DATA EXTRACT:
- - - - - - -

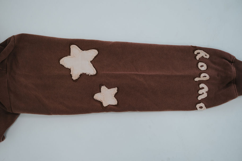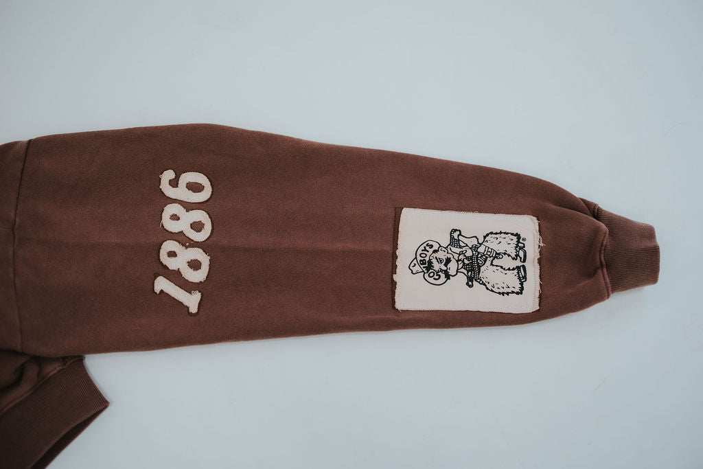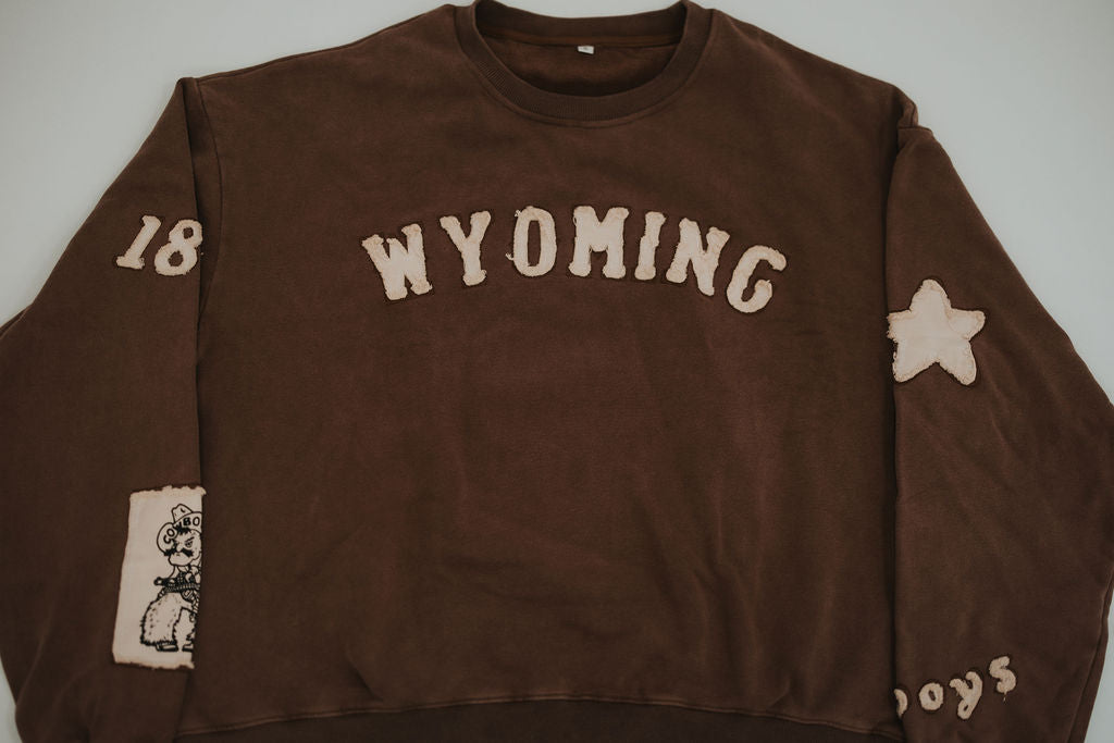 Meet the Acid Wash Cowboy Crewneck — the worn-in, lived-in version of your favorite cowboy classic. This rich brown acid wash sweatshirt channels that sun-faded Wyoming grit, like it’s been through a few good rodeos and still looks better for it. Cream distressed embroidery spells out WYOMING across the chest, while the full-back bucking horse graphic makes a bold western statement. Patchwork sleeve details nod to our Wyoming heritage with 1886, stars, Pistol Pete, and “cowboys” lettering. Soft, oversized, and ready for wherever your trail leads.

- - - - - - -

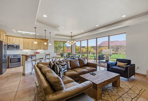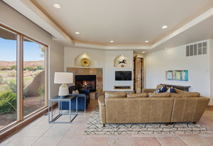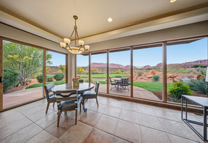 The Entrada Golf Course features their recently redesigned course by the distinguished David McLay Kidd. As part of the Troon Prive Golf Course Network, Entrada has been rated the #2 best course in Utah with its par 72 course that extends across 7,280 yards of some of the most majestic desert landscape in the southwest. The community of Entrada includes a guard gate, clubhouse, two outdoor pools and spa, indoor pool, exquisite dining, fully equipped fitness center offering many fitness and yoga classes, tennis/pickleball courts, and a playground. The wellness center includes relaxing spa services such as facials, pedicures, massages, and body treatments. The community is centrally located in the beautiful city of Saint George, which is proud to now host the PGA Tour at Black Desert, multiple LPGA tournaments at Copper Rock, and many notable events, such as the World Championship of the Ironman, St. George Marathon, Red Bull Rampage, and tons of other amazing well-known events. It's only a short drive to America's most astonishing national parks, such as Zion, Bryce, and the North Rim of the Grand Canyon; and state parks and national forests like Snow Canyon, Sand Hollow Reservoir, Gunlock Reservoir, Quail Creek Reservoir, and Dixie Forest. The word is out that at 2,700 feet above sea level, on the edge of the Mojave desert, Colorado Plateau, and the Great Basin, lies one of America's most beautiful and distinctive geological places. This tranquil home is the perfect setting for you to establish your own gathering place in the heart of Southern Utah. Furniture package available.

- - - - - - -

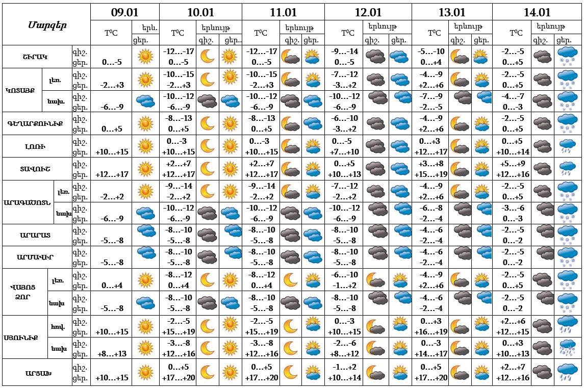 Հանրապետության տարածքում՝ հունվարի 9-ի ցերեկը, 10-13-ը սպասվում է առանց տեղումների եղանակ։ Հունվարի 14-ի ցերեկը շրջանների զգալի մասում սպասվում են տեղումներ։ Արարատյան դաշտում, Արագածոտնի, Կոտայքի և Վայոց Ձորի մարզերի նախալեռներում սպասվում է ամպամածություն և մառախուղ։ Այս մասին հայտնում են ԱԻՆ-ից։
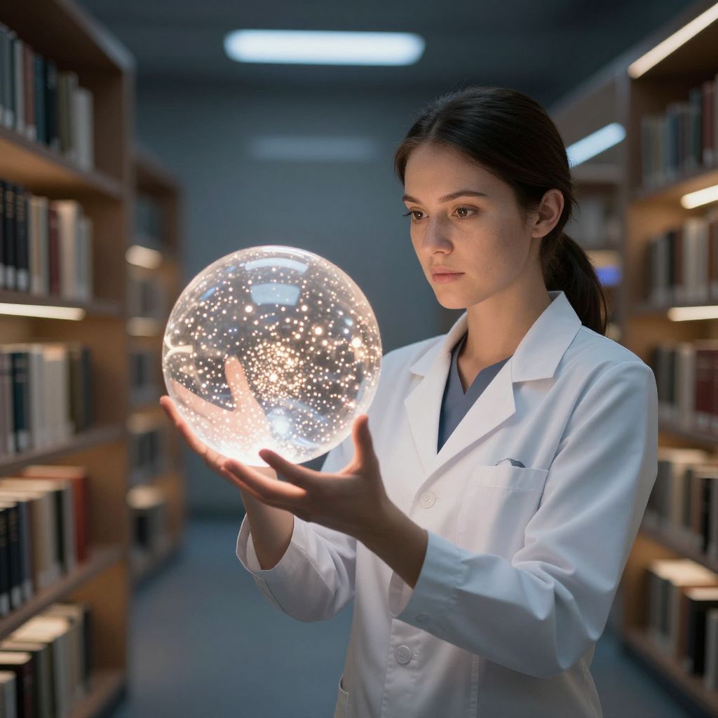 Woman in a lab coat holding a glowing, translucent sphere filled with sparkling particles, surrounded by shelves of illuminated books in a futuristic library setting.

- - - - - - -

TASK OBJECTIVE: In the listing above, the required lines run from the line with "Հանրապետության տարածքում՝ հունվարի" through the line with "Woman in a lab". Output exactly those lines, omitting pictures.

SOLUTION:
 Հանրապետության տարածքում՝ հունվարի 9-ի ցերեկը, 10-13-ը սպասվում է առանց տեղումների եղանակ։ Հունվարի 14-ի ցերեկը շրջանների զգալի մասում սպասվում են տեղումներ։ Արարատյան դաշտում, Արագածոտնի, Կոտայքի և Վայոց Ձորի մարզերի նախալեռներում սպասվում է ամպամածություն և մառախուղ։ Այս մասին հայտնում են ԱԻՆ-ից։
 Woman in a lab coat holding a glowing, translucent sphere filled with sparkling particles, surrounded by shelves of illuminated books in a futuristic library setting.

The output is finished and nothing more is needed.